■ **What you are asked to do**: Without its pictures, the listing below is to be transcribed exactly.

■ **Dataset content**:
──────────────────────────────
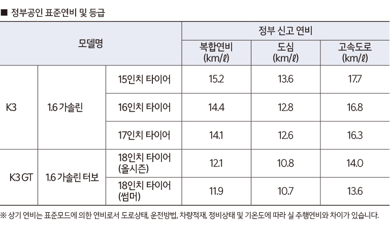 더뉴 k3 연비는 15인치 타이어 장착시 복합연비 15.2km/ℓ이며, k3 gt 연비는 18인치 올시즌 타이어 장착 기준 복합연비 12.1km/ℓ입니다.
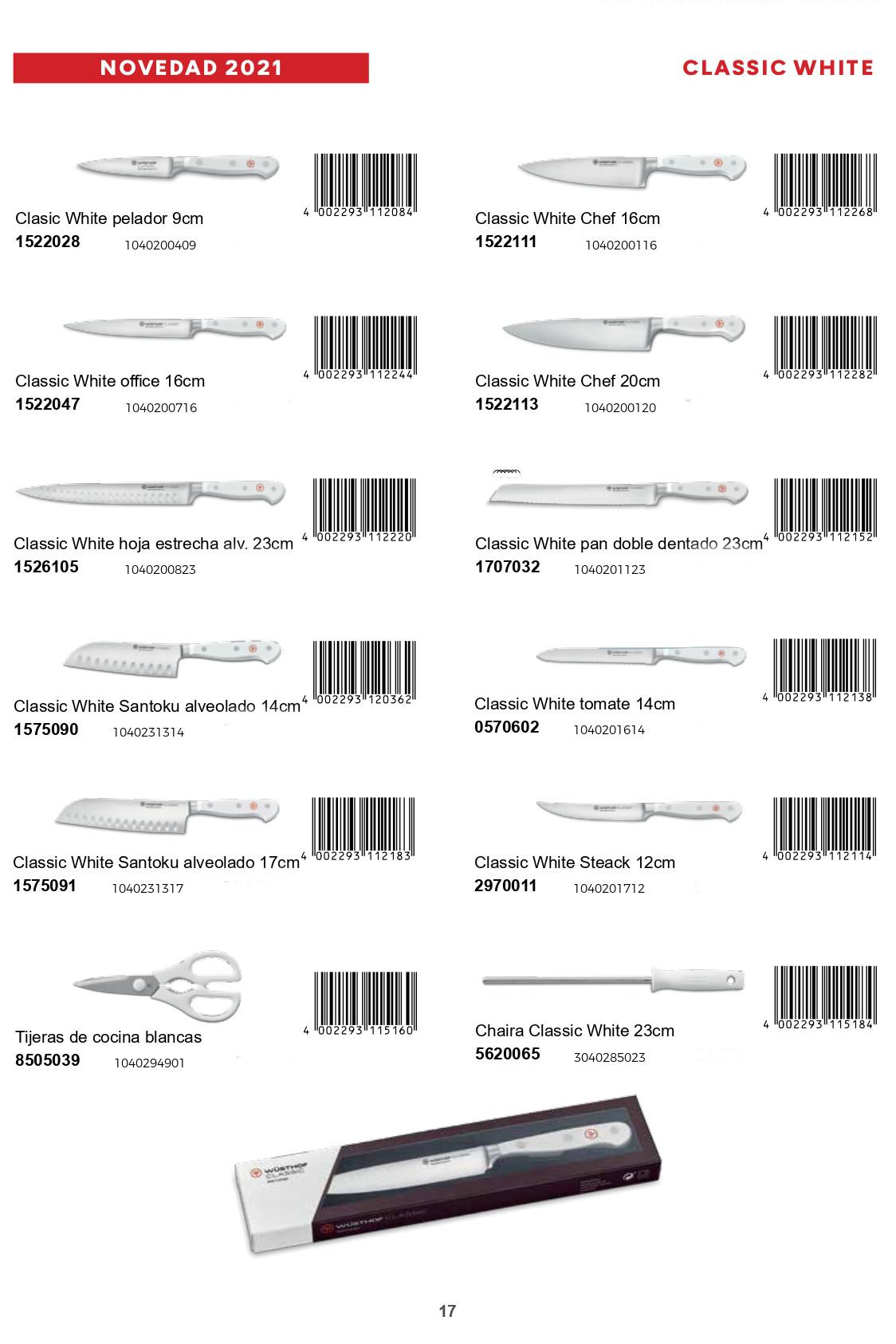 Classic White dispose actuellement de 9 couteaux, d'un aiguiseur et d'une paire de ciseaux. De plus, il dispose d'un bloc exclusif pour la série. Toutes les lames Classic White sont affûtées avec la technologie brevetée PEtec.
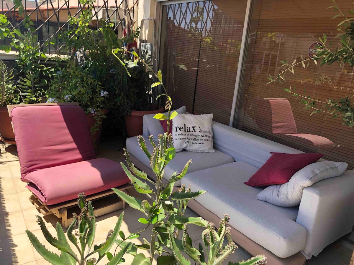 A solo 250 metros de la estación de metro de Metaxourgio, este ático es un verdadero hogar acogedor, no un alquiler turístico típico y se permite fumar. Tiene un dormitorio soleado, una cómoda sala de estar con pared de cristal con vistas a Atenas, cocina totalmente equipada, wifi gratuito, TV de plasma, terraza soleada, lavadora y secadora, plancha, aire acondicionado, supermercados, cafeterías, bares, farmacia y tabernas. Como a veces vivo allí, puedes encontrar todo lo que necesitas, desde aspirinas hasta pasta de dientes y zapatillas.
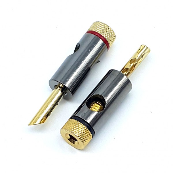 GOLD BANANA JACK FOR 16GA to 10GA WIRE, 2-Pack *Sold as a Pair* | Cover Color Line: Black or Red, 2pcs per bag
──────────────────────────────
■ **Solution**:
 더뉴 k3 연비는 15인치 타이어 장착시 복합연비 15.2km/ℓ이며, k3 gt 연비는 18인치 올시즌 타이어 장착 기준 복합연비 12.1km/ℓ입니다.
 Classic White dispose actuellement de 9 couteaux, d'un aiguiseur et d'une paire de ciseaux. De plus, il dispose d'un bloc exclusif pour la série. Toutes les lames Classic White sont affûtées avec la technologie brevetée PEtec.
 A solo 250 metros de la estación de metro de Metaxourgio, este ático es un verdadero hogar acogedor, no un alquiler turístico típico y se permite fumar. Tiene un dormitorio soleado, una cómoda sala de estar con pared de cristal con vistas a Atenas, cocina totalmente equipada, wifi gratuito, TV de plasma, terraza soleada, lavadora y secadora, plancha, aire acondicionado, supermercados, cafeterías, bares, farmacia y tabernas. Como a veces vivo allí, puedes encontrar todo lo que necesitas, desde aspirinas hasta pasta de dientes y zapatillas.
 GOLD BANANA JACK FOR 16GA to 10GA WIRE, 2-Pack *Sold as a Pair* | Cover Color Line: Black or Red, 2pcs per bag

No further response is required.